***** Given data
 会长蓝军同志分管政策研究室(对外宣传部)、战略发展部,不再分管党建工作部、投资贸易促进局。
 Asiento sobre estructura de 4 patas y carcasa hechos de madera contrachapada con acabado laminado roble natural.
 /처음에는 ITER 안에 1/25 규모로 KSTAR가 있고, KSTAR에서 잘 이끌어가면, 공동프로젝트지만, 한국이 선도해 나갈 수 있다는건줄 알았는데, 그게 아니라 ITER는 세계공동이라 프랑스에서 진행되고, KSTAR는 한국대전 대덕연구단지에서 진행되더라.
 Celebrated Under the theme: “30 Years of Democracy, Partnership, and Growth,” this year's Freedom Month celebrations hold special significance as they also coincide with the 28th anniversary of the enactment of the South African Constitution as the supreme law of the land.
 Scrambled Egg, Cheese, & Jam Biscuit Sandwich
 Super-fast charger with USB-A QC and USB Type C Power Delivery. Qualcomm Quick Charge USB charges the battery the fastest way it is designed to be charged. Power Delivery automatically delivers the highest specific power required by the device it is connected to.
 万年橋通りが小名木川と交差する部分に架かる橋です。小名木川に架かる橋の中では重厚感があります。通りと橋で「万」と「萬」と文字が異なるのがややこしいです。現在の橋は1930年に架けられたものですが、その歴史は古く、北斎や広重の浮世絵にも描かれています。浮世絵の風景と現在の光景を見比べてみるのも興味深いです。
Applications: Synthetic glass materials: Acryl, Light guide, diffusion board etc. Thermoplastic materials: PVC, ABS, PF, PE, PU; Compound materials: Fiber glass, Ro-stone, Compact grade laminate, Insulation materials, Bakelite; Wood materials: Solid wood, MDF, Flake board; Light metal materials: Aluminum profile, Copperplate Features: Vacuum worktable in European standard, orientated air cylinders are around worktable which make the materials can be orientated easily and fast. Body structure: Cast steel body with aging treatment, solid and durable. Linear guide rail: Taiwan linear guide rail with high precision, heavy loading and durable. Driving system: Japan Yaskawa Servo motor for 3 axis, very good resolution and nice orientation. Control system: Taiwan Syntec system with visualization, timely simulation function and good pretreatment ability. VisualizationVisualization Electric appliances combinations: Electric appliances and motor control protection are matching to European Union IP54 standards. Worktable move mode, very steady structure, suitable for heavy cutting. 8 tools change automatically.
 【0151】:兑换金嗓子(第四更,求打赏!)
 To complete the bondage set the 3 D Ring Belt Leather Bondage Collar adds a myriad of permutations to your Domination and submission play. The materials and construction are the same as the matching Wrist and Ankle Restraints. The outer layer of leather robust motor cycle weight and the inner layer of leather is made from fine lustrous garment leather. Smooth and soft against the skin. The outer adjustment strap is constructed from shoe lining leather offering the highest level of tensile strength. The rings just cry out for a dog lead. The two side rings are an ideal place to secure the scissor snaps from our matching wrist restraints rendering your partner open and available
**********
***** Given data
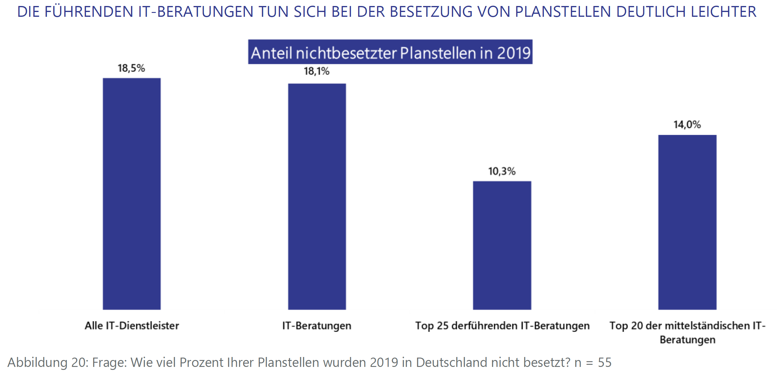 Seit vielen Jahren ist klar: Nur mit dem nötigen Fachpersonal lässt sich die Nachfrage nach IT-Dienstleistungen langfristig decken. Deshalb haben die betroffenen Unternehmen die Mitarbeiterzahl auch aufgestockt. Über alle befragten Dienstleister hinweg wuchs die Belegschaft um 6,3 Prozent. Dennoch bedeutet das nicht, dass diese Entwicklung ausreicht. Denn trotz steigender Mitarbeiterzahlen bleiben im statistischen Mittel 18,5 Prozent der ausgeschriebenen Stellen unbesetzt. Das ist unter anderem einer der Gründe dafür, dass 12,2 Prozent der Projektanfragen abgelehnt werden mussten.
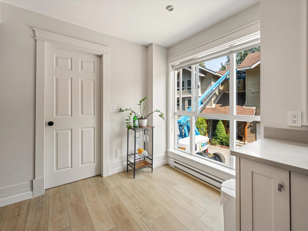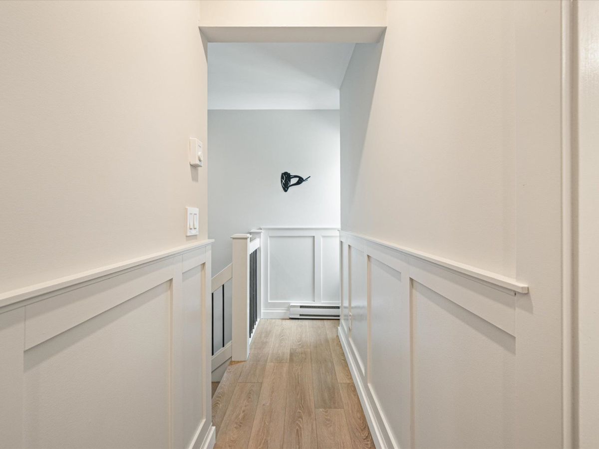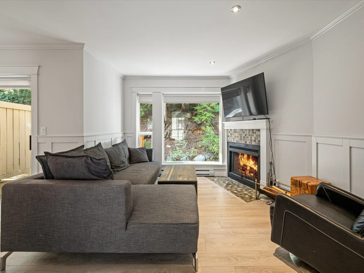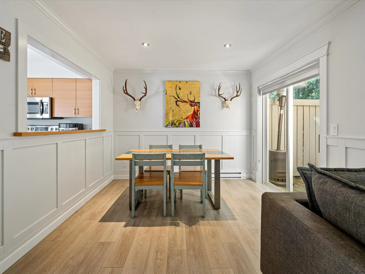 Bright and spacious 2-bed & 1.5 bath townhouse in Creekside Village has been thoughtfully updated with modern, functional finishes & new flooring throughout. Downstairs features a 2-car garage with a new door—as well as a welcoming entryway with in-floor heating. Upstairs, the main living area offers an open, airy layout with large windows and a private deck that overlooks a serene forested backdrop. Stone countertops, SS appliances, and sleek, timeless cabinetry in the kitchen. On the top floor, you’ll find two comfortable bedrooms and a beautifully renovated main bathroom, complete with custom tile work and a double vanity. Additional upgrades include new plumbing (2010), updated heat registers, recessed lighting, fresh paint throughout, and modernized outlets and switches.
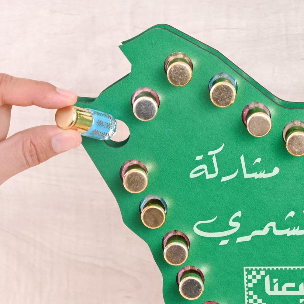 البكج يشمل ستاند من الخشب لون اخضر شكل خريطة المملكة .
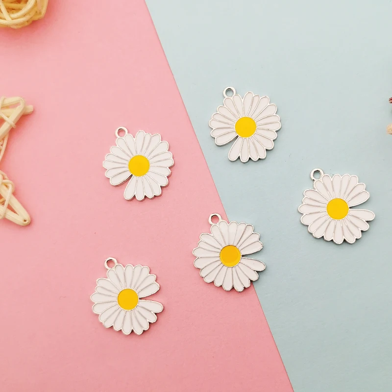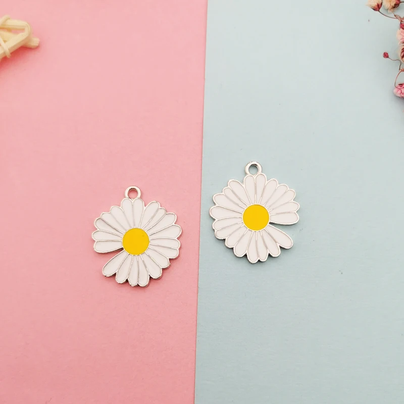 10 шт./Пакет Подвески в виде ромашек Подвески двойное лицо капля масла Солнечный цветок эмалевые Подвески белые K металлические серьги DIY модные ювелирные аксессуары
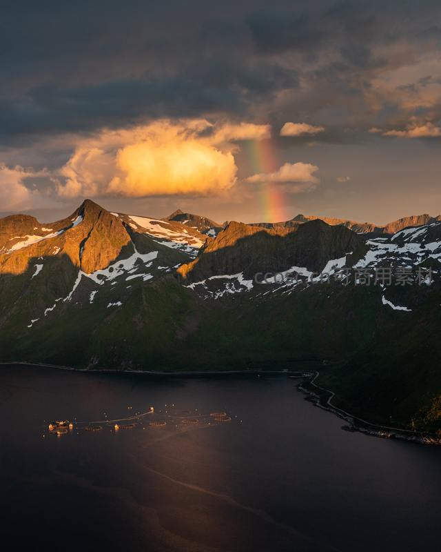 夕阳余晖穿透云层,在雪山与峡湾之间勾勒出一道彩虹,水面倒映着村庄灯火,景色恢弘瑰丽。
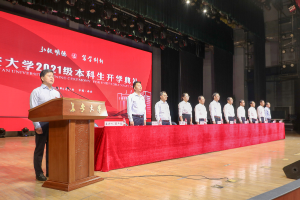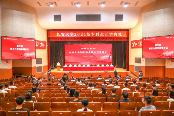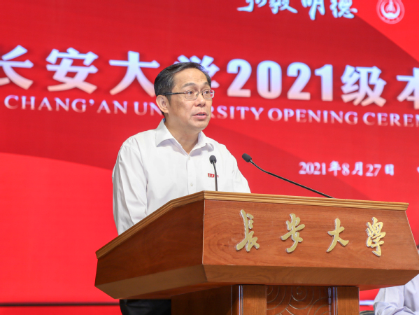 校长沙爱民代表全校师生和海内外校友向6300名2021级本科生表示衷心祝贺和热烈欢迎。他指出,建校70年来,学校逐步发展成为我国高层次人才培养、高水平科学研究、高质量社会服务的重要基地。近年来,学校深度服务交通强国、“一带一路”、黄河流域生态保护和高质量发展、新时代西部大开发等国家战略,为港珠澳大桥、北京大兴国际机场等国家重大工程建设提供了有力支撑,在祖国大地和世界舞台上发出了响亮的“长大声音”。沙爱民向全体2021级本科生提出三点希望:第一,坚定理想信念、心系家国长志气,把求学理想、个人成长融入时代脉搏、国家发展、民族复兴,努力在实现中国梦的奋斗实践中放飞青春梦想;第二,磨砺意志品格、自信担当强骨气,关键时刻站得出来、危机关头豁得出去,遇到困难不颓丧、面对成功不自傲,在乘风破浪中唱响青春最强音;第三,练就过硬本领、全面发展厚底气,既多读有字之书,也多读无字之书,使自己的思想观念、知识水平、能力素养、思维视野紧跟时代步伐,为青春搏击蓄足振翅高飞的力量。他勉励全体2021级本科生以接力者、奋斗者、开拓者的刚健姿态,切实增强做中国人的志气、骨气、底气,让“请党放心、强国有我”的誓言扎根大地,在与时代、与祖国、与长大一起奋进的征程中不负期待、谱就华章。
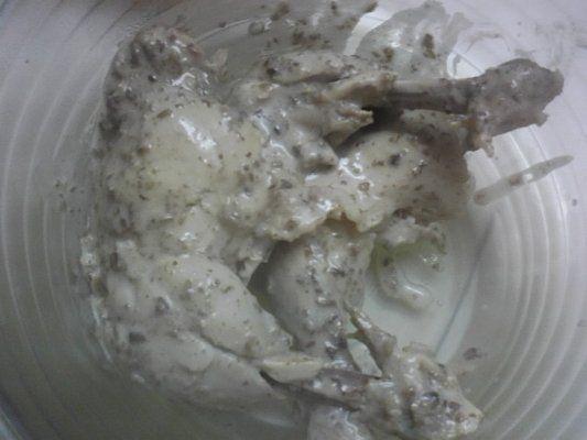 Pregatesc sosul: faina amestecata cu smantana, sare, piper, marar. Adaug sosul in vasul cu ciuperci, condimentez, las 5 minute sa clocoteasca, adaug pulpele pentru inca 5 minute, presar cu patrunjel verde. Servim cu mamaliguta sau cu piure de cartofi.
**********
- Task statement -
Among the entries above, take the lines from the one with "校长沙爱民代表全校师生和海内" through the one with "Pregatesc sosul: faina" and retype them exactly, leaving out the pictures.

- Finished exercise -
 校长沙爱民代表全校师生和海内外校友向6300名2021级本科生表示衷心祝贺和热烈欢迎。他指出,建校70年来,学校逐步发展成为我国高层次人才培养、高水平科学研究、高质量社会服务的重要基地。近年来,学校深度服务交通强国、“一带一路”、黄河流域生态保护和高质量发展、新时代西部大开发等国家战略,为港珠澳大桥、北京大兴国际机场等国家重大工程建设提供了有力支撑,在祖国大地和世界舞台上发出了响亮的“长大声音”。沙爱民向全体2021级本科生提出三点希望:第一,坚定理想信念、心系家国长志气,把求学理想、个人成长融入时代脉搏、国家发展、民族复兴,努力在实现中国梦的奋斗实践中放飞青春梦想;第二,磨砺意志品格、自信担当强骨气,关键时刻站得出来、危机关头豁得出去,遇到困难不颓丧、面对成功不自傲,在乘风破浪中唱响青春最强音;第三,练就过硬本领、全面发展厚底气,既多读有字之书,也多读无字之书,使自己的思想观念、知识水平、能力素养、思维视野紧跟时代步伐,为青春搏击蓄足振翅高飞的力量。他勉励全体2021级本科生以接力者、奋斗者、开拓者的刚健姿态,切实增强做中国人的志气、骨气、底气,让“请党放心、强国有我”的誓言扎根大地,在与时代、与祖国、与长大一起奋进的征程中不负期待、谱就华章。
 Pregatesc sosul: faina amestecata cu smantana, sare, piper, marar. Adaug sosul in vasul cu ciuperci, condimentez, las 5 minute sa clocoteasca, adaug pulpele pentru inca 5 minute, presar cu patrunjel verde. Servim cu mamaliguta sau cu piure de cartofi.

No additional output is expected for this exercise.